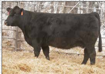
Dam of Kota
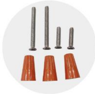
INSTALL SCREWS AND TERMINALS
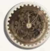
1 FIRST PLAYER/ SHADOW MASTER TOKEN
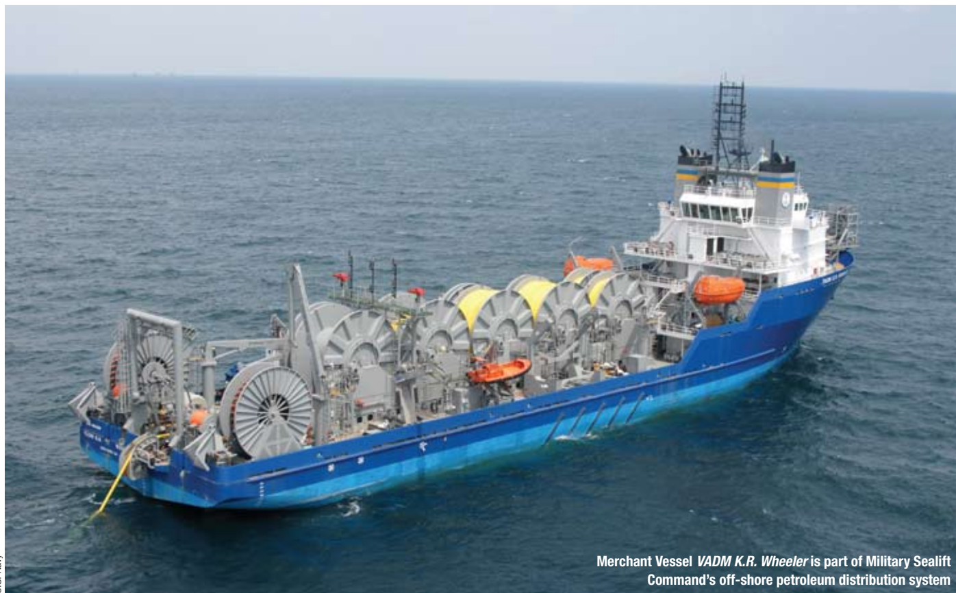
Merchant Vessel VADM K.R. Wheeler is part of Military Sealift Command's off-shore petroleum distribution system
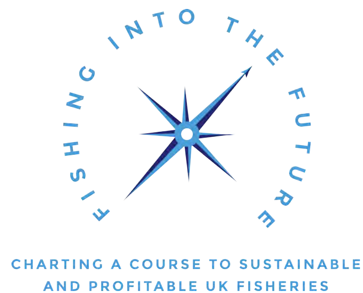
FISHING INTO THE FUTURE
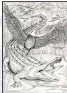
The Alligator and the Eagle
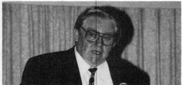
Istvan Csurka, cofounder of the Hungarian Democratic Forum party, and a critic of the IMF.

Istvan Csurka, co-founder of the Hungarian Democratic Forum, raises the first public criticism of the dominant influence of the IMF in the Hungarian economy in the newspaper Magyar Forum . Csurka says that it shows the worst effects.

•••

### Assignment
Keep the pictures out of your copy, and repeat every entry above exactly.

### Your response
Dam of Kota
INSTALL SCREWS AND TERMINALS
1 FIRST PLAYER/ SHADOW MASTER TOKEN
Merchant Vessel VADM K.R. Wheeler is part of Military Sealift Command's off-shore petroleum distribution system
FISHING INTO THE FUTURE
The Alligator and the Eagle
Istvan Csurka, cofounder of the Hungarian Democratic Forum party, and a critic of the IMF.

Istvan Csurka, co-founder of the Hungarian Democratic Forum, raises the first public criticism of the dominant influence of the IMF in the Hungarian economy in the newspaper Magyar Forum . Csurka says that it shows the worst effects.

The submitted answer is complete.